Cécile de France, Ludivine Sagnier, Julie Depardieu, Patrick Bruel, Sam Garbaski
Pour la deuxième fois - et une deuxième fois aussi réussie que la première – c’est du haut d’un tremplin de bassin de natation que Claude Miller choisit d’éprouver la force et la fragilité de ses héroïnes.
De cette position expérimentée par la très jeune Charlotte Gainsbourg dans "L’effrontée" pour donner vie à la vulnérabilité de l’adolescence, Claude Miller, dans "Un secret", va exploiter un autre angle de vue pour donner à Cécile de France une séduction et une corporalité qui rendent à la notion de coup de foudre son sens de déflagration immédiate et vraisemblablement déjà tragique.
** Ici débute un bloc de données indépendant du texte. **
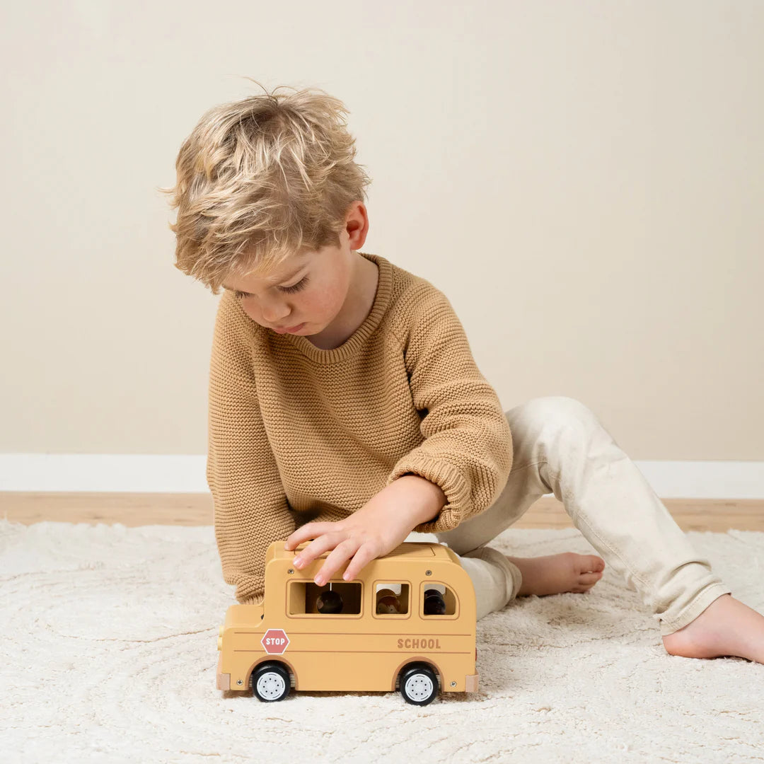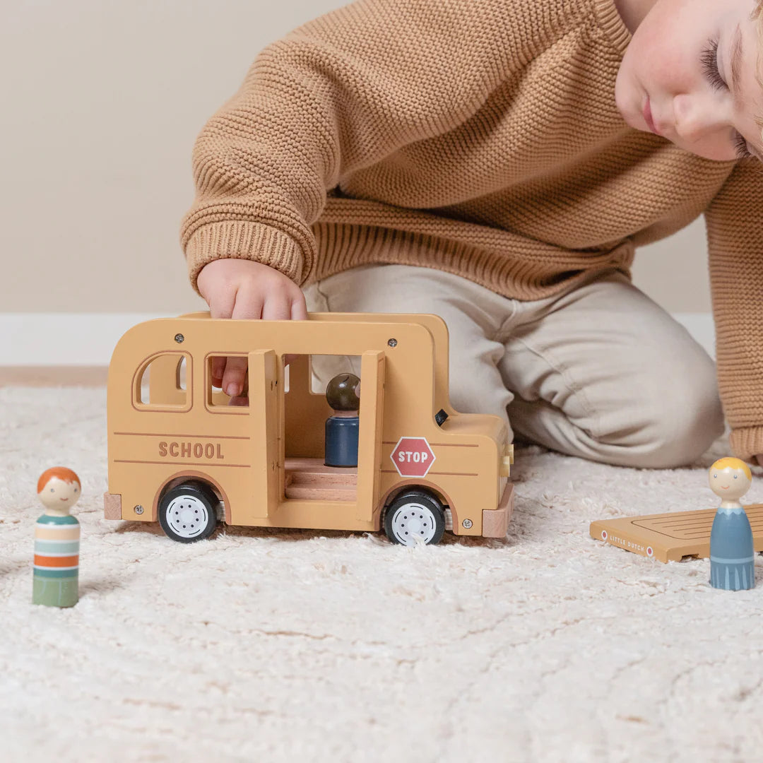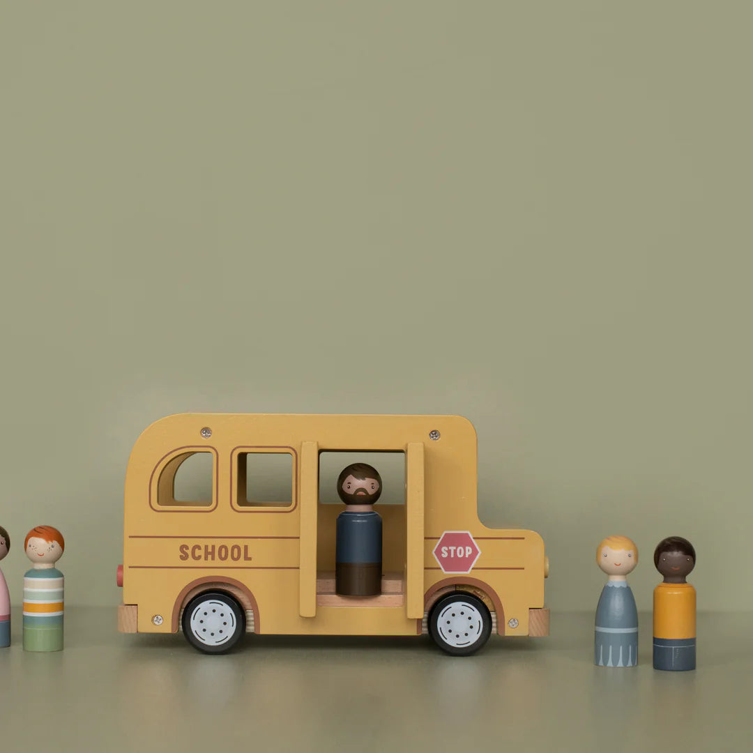 单价 每Hop on board for an exciting adventure with this wooden school bus. Are all the children seated? Once the driver starts the engine, the journey begins. Whether exploring a make-believe city or picking up imaginary passengers, this bus is ready to go. With smooth-rolling wheels, little ones can easily drive across the floor, stopping at every corner to pick up friends. The door and roof open for interactive play, and the figures are compatible with the dollhouse and other playsets like the airplane and car with caravan. A perfect toy to inspire storytelling and creative adventures.

Beauté et émoi d’un côté et de l’autre fragilité d’un jeune garçon, François, encombré par sa maladresse physique face à une mère, championne de plongeon et à un père sportif dans le regard duquel il ne lit que la déception et honte de l’avoir engendré.
Pour échapper à ce sentiment d’être incomplet, il va s’inventer, non pas un ami comme Kellyanne ou Donnie Darko (*) mais un frère qui sera son double inversé. Beau, musclé, excellent gymnaste et n’ayant jamais froid aux yeux.
Peu à peu, François va apprendre les souvenirs d’avant sa naissance, gardés cachés par ses parents. Douloureuses réminiscences qui remontent aux horreurs de la traque aux Juifs menée dans une France pétainiste.
La mise en place d’« Un secret » ressemble au processus de développement des photos argentiques. Le dévoilement de ce qui est arrivé se fait par étapes délicates, par révélation grâce aux noir et blanc du présent des couleurs du passé et dans un lieu clos. Le cabinet de travail de Louise, l’amie de la famille à laquelle Julie Depardieu confère une attachante tendresse bourrue.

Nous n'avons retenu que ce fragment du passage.